En resumen, nuestro estudio sugiere que el número de copias de
GSTT1
y combinado
GSTM1
/
GSTT1
número de copias se asocian al riesgo de cáncer de próstata en hombres de ascendencia africana con relación dosis génica. Se necesita la replicación de estas observaciones en otras poblaciones y estudios sobre el mecanismo antes de poder establecer una relación de causalidad.

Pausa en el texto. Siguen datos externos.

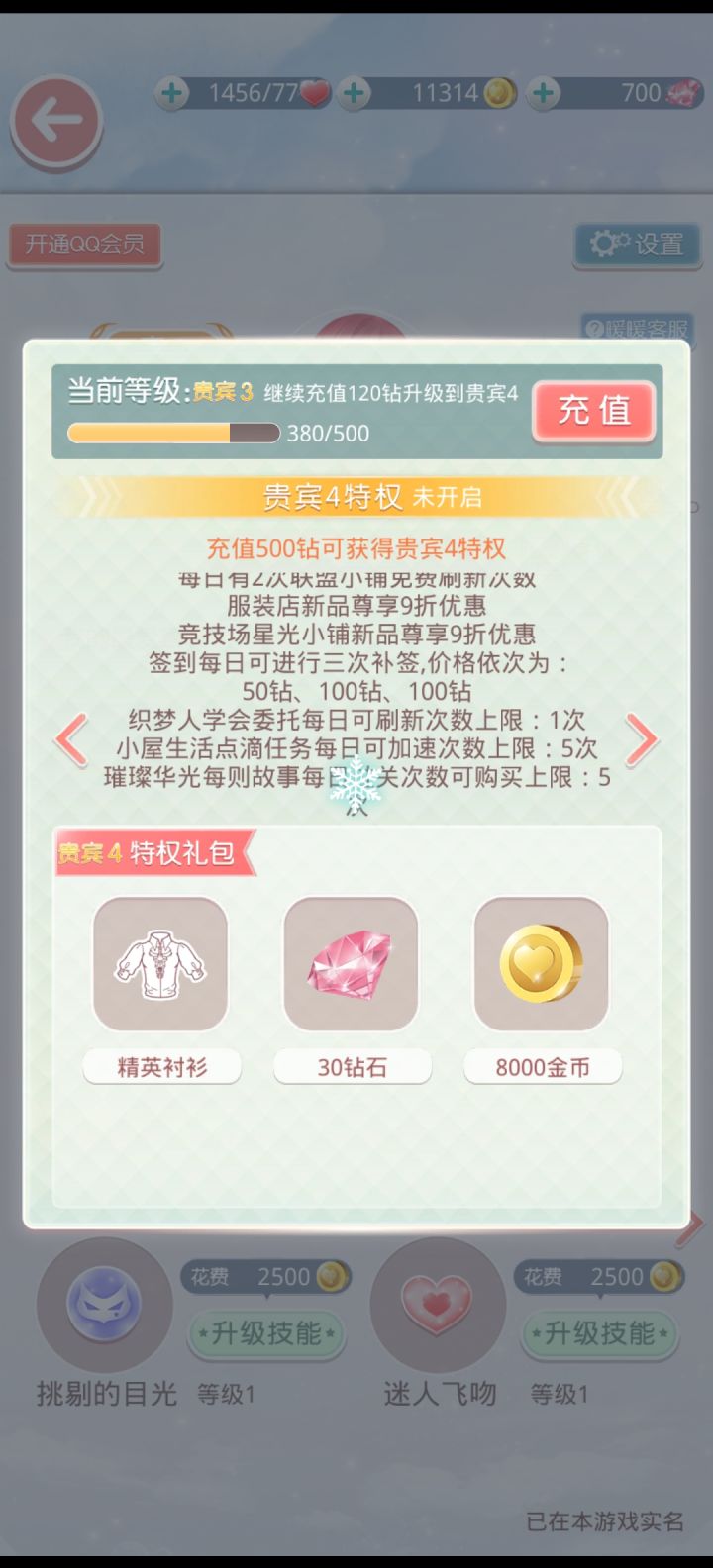 🙋感觉不太喜欢的地方(个人看法,轻喷):有些原来在服装店花钻买的(我都佩服我惊人的记忆力,可能是太喜欢了hhh)现在要充钱才能免费拿。为啥不能重新做一些给VIP(图三的衬衫,我之前一直很喜欢胸前瀑布的设计,我记得原来是服装店用钻买,可能记错了)
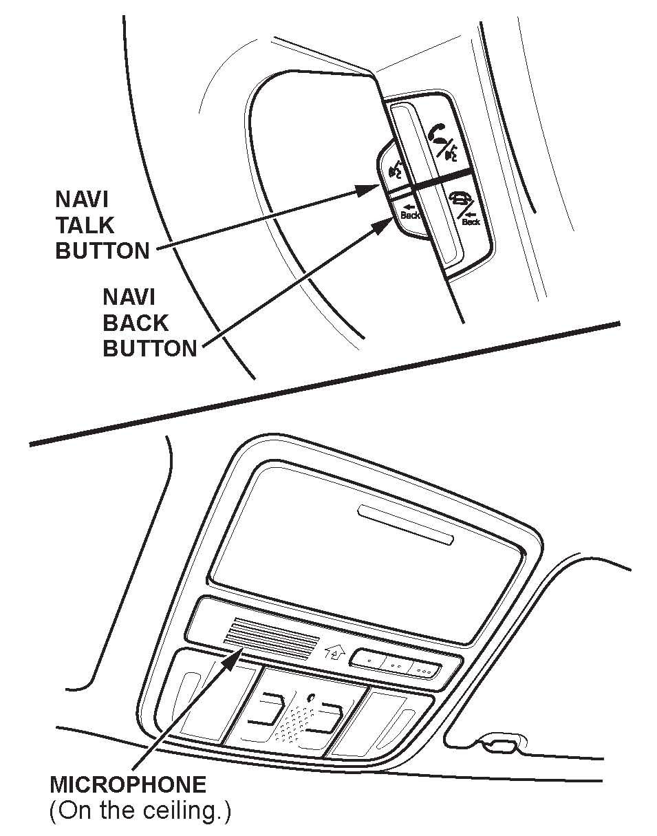 NAVI TALK button - Pull and release this button on the steering wheel to activate the voice control system. After pulling and releasing the button, wait for the beep, then speak the command.
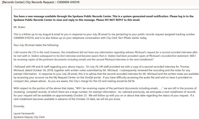 Interestingly for some reason the City Clerk’s Office wasn’t originally aware of the second Michaud interview and it wasn’t immediately provided to them by HR or SPD until it became apparent the records exist. Perhaps when you listen to the actual recording of the second interview linked below you will understand why some people, not the Clerk’s Office, wouldn’t want it made Public.
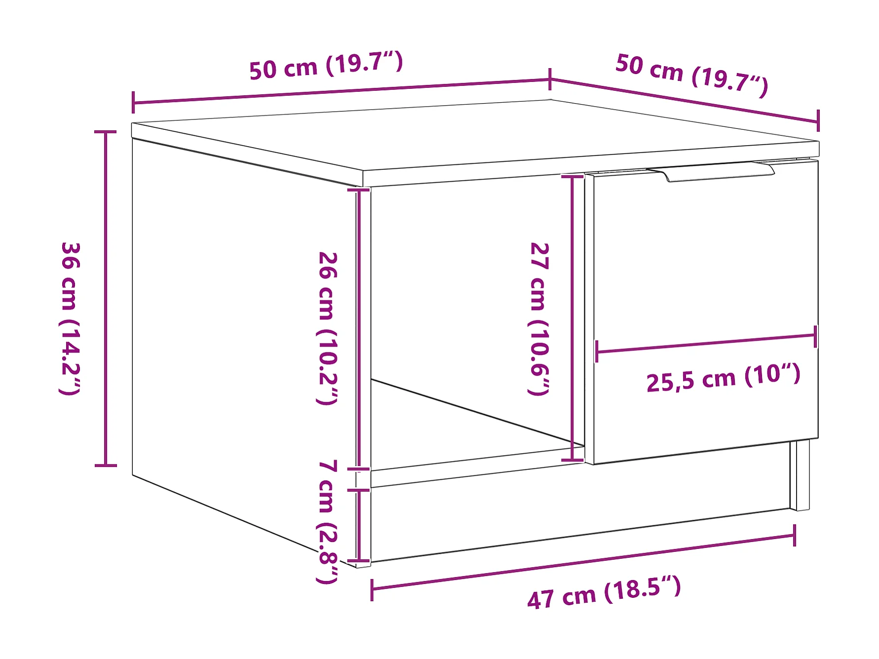 Table d'appoint en chêne noir - 50x50x35 cm, en bois d'ingénierie
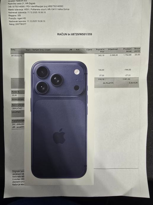 Nov zapakiran mobitel sa racunom i garancijom.Mobitel se moze preuzeti u Zagrebu ili ga mogu poslati na kucnu adresu po cijeloj Hrvatskoj.
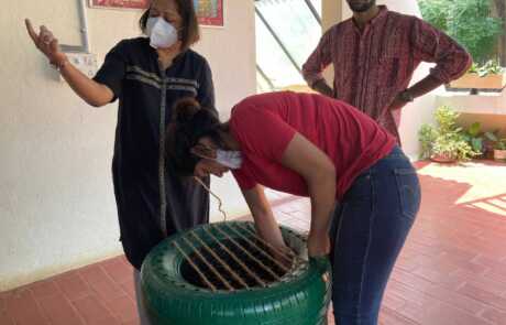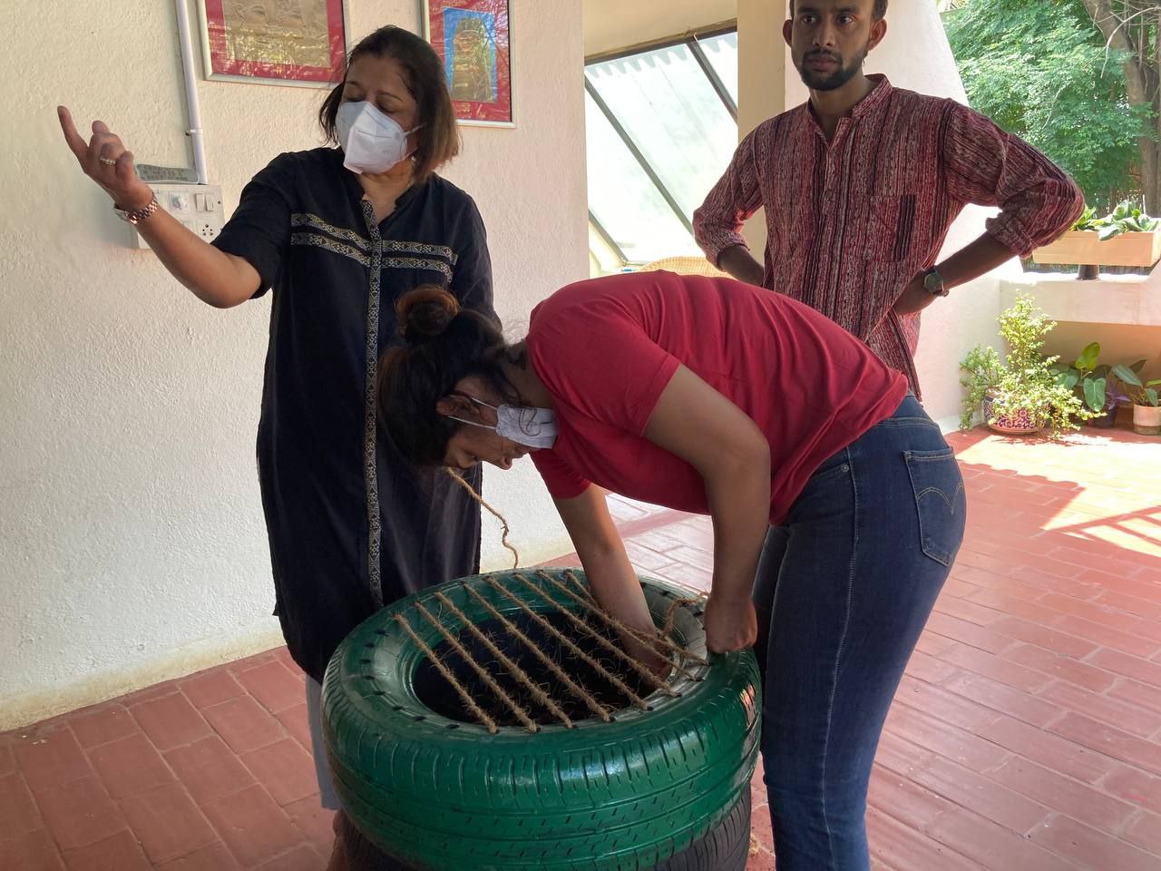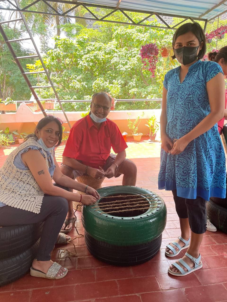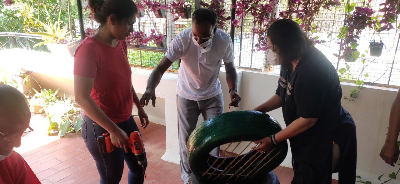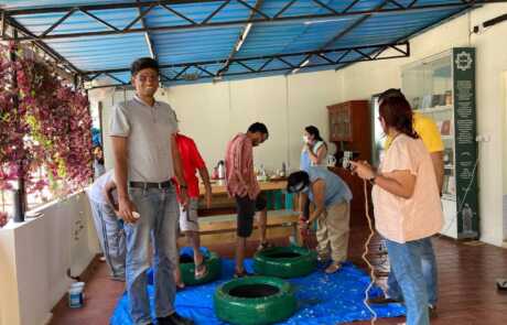 Our philosophical journey found another expression when members & volunteers of New Acropolis India South came together on a beautiful Sunday morning to give new life to used car tyres by upcycling them into seats.
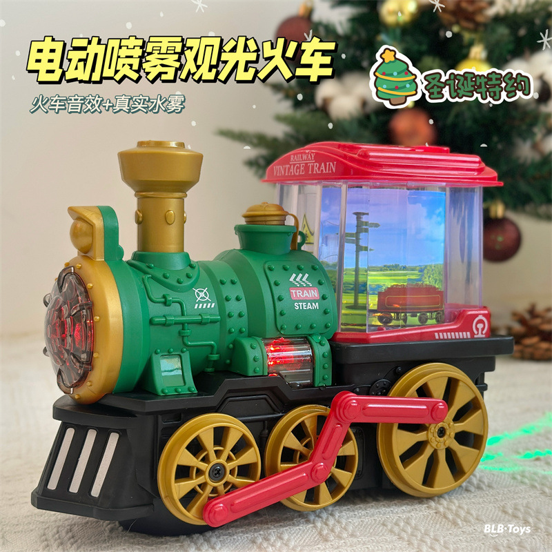Kereta Uap Listrik Roda Universal Semprot Lokomotif Model Mainan Anak Laki-laki Mobil Bemper 1-3 Tahun
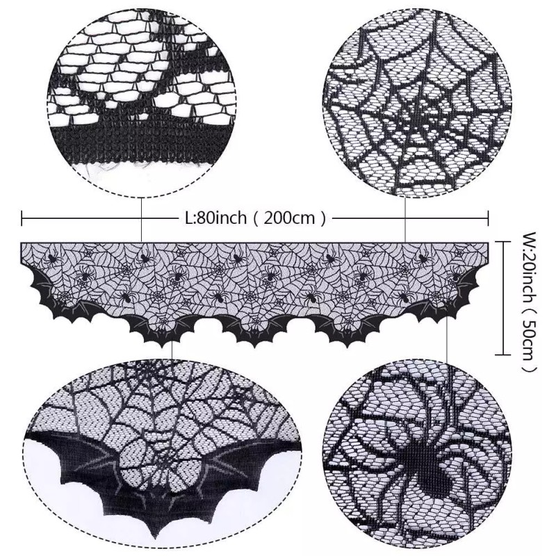 2.Size: 80 x 20inch Halloween black lace fireplace mantle scarf suitable for most of fireplaces and tables
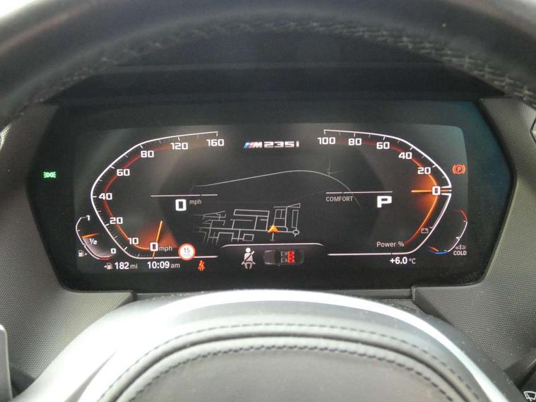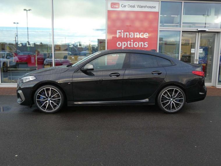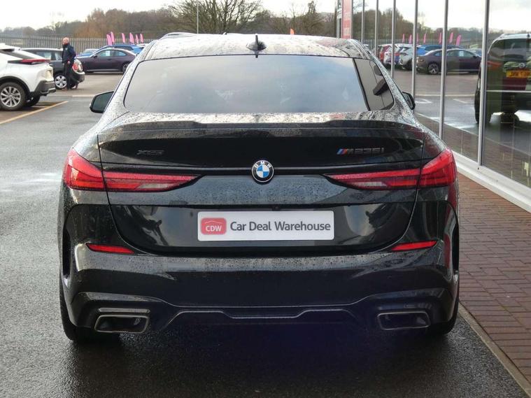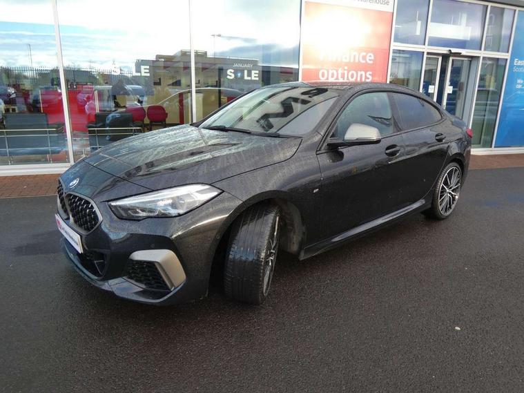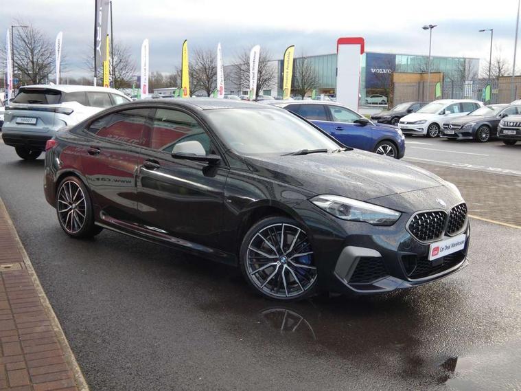 Active guard plus, Attentiveness assist, Auto start-stop, BMW Intelligent Personal Assistant, BMW Live Cockpit Professional with 10.25" high resolution instrument and control display, BMW Online services, BMW operating system with 7.0 mid interface, BMW Teleservices, Check Control warning system for monitoring of lights and door/luggage compartment open warning, Electro hydraulically controlled multi plate clutch in rear axle, Energy efficient operating strategy, iDrive controller with touch function and 7 short cut favourite buttons on centre console, Integrated navigation data with map data via USB +features such as 3D landmarks and micro city models, Integrated owners handbook, Intelligent voice assistant, M Sport steering with M235i xDrive M performance specific settings, On board computer - average speed+fuel consumption, service interval, clock/date, odometer/trip meter, outside temperature display and ice warning, Optimum shift indicator, Personal Profile, Pull away assistant, Speed limiting function, 2 balance shafts, 8 speed sport automatic transmission with electronic selector lever, auto P function, coasting idle, race track, sport, gearchange display manual mode, Aluminium lightweight construction, Double VANOS, Drive performance control with ECO PRO comfort + sport mode, Electronic differential lock, Engine cover with M performance designation, High precision injection, Larger fuel tank capacity (50 litres), Launch control, M235i specific heavily de-throttled engine intake air guide, M235i specific high-performance cooling package, M235i specific larger turbocharger with integrated divert-air valve, Performance Control, Petrol Particulate Filter, Power transmission of front wheel drive on the rear axle via angle transmission on the front axle differential and two part cardan shaft, VALVETRONIC engine management, Variable, stepless and infinitely adjustable distribution of drive torque between the front and rear axles, xDrive intelligent all wheel drive with M235i specific reinforced components, 2x USB Type C ports (for charging and data transfer), 4G LTE Connectivity with hard wied 4G network sim card, DAB digital radio, MP3 players and RDS double tuner, Automatically dimming rear view mirror, Body colour door handles, Direction indicator side lights integrated exterior mirrors, Electric windows - front and rear, with open/close fingertip control and trap release, Exterior mirrors - electrically folding with anti-dazzle, Fading support, Follow me home headlights, Front and rear bumper system with replaceable deformation elements, Front door sill finishers in black plastic with M235i designation, Heated, electrically adjustable exterior mirror aspheric on driver side, convex on passenger side, High gloss black B pillar finish, High gloss shadow line exterior trim, High level third brake light, LED daytime running lights, LED front fog lights, Lightweight engineering, M Performance exhaust system with valve control and minimised exhaust back pressure, M rear spoiler, Model designation on right side of tailgate includes xDrive designation onleft handside for M235i xDrive, Preparation for high beam assistant, Rain sensor with automatic headlight activation, Rear fog lights, Reinforced crank drive, new pistons and adapted con rods, Reversing light in rear light cluster, Welcome lighting, 12V power socket in centre console, 2 cupholders in front centre console, 3 rear seat head restraints, 3 spoke M sports design leather steering wheel finished in nappa leather with specific M badge, Additional under floor storage in luggage compartment, Anthracite finished floor mats with contrasting surround, Anthracite headlining, Automatic two zone climate control air conditioning, Child seat ISOFIX attachment for two outer rear seats and front passenger seat with anchorage points, Conditioned based service, Driver and front passenger seat heating, Front and rear door pockets including bottle trays, Front and rear side armrests integrated into door trim, Front armrest foldable with integrated storage compartment, Front centre interior light over interior mirror and rear centre automatic interior light when door is opened/ignition switched off or via remote key, Front head restraints, Front M Sport seats, Glove compartment, Glovebox with light, Luggage compartment lighting, Manually adjustment steering wheel column, Multi-function controls for steering wheel, Shift-by-wire selector shift, Steering wheel paddles, Sun visors with vanity mirrors and insert tab, Through loading system with 40/20/40 split folding rear seat, Two lashing eyes, Additional interior lighting pack - 2 Series Gran Coupe, Connected pack professional - 2 Series Gran Coupe, Extended storage pack - 2 Series Gran Coupe, M Sport exterior styling aerodynamics pack - 2 Series Gran Coupe 235i, 2 tone horn, Airbag - Front driver and passenger, front and rear head, front side, curtain head protection, manual deactivation of front passenger airbag possible, Anti lock braking system (ABS) with cornering brake control, BMW emergency call, Brake drying, Braking readiness, Crash sensor activating of airbags, Unlocking doors, hazard warning lights, interior light, safety battery terminal, Dynamic stability control + (DSC+), Dynamic Traction Control - DTC, Electrically operated hand brake, Integrated torsen mechanical limited slip differential on front axle, M Sport braking system in blue high gloss + blue painted brake calipers with M designation, M sport seatbelt, Rear brake discs, Rear child proof door locks, Seat belt security check for driver and front passenger, Seatbelt warning, Side impact protection, Three point seat belts on all seats including front belt stopper, pyrotechnic belt tensioners and belt force limiters, Trailer stability control, Tyre pressure monitoring system, Ventilated front disc brakes, Warning triangle and first aid kit, Central locking switch for all doors, fuel filler cap and luggage compartment, Deadlocking f
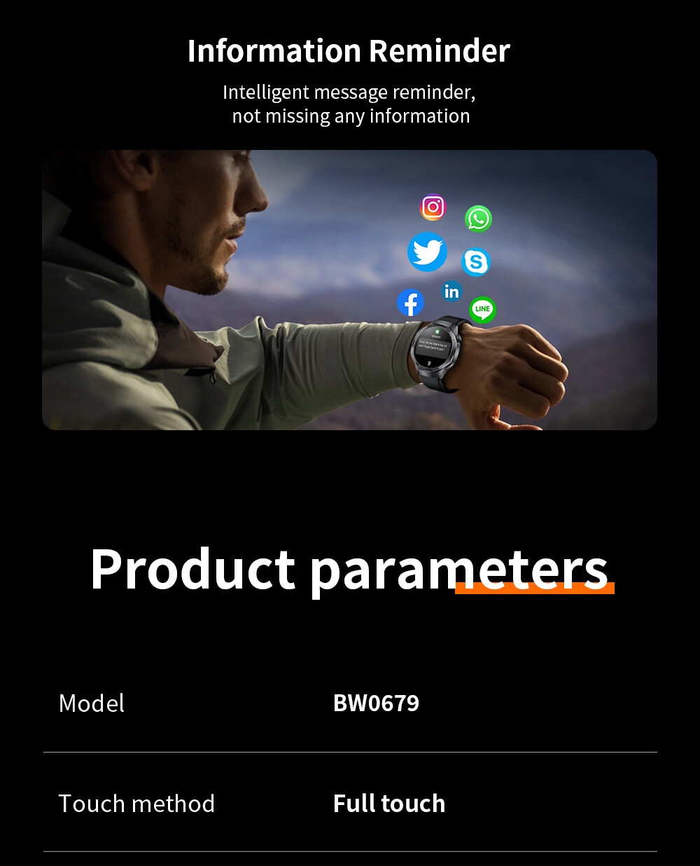 Answer: After connecting the watch to the mobile application, the watch will display information reminders and call reminders
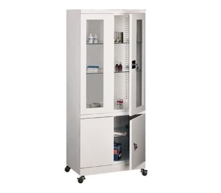Korpus szafy wykonany z blachy gr. 0,8 mm. Drzwi szafy przeszklone, półki wykonane ze szkła, przestawne co 25 mm. Uchwyt drzwiowy z zamkiem zabezpieczającym ryglującym drzwi w dwóch punktach. Szafa posiada kółka. Dolna półka zabudowana - drzwi wykonane z blachy. Kółka zamontowane do szafy umożliwiają łatwe przemieszczanie.
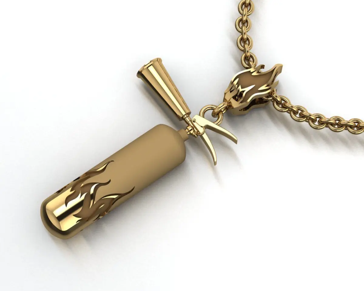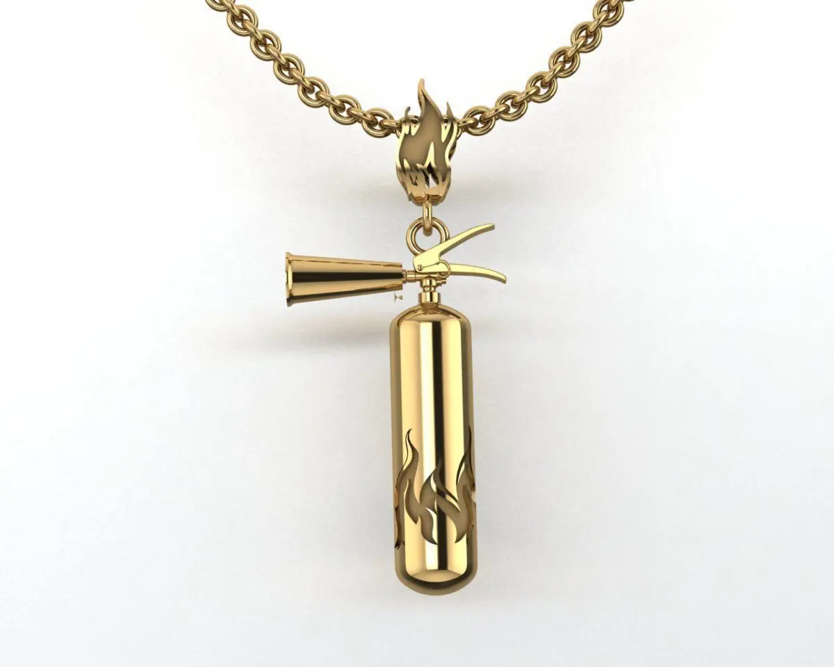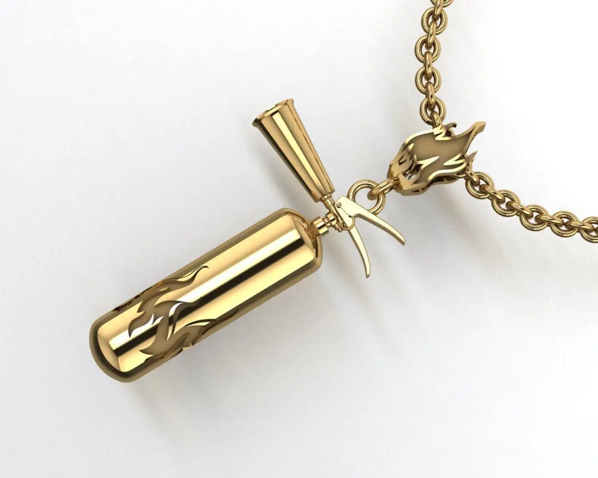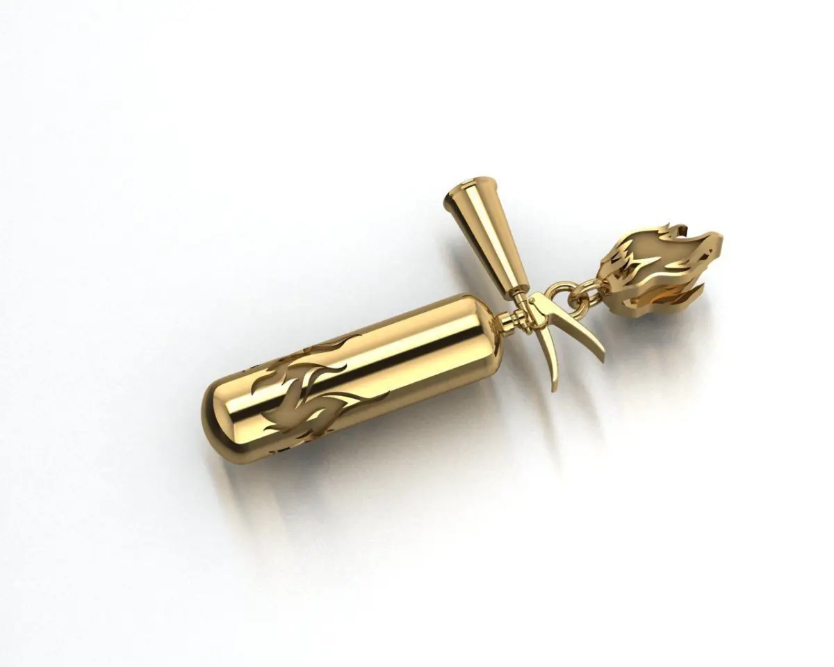 I present to your attention a suspension in the form of a fire extinguisher on fire.

Apoyo a la Información sobre Table S1.
Información sobre TaqMan número de copias ensayo diana
doi:. 10.1371 /journal.pone.0107275.s001 gratis (DOC) sobre Table S2. Federaciones de entre los
GSTM1
genotipo y características sujetas
doi:. 10.1371 /journal.pone.0107275.s002 gratis (DOC) sobre Table S3. Federaciones de entre los
GSTT1
genotipo y características sujetas
doi:. 10.1371 /journal.pone.0107275.s003 gratis (DOC) sobre Table S4. Federaciones de entre combinada
GSTM1
y
GSTT1
genotipos y características de los sujetos
doi: 10.1371. /journal.pone.0107275.s004 gratis (DOC)
Reconocimientos
agradecemos H. Delacroix-Maillard y el personal del Centro de Examens de Santé Sainte Genevieve para la contratación de los sujetos.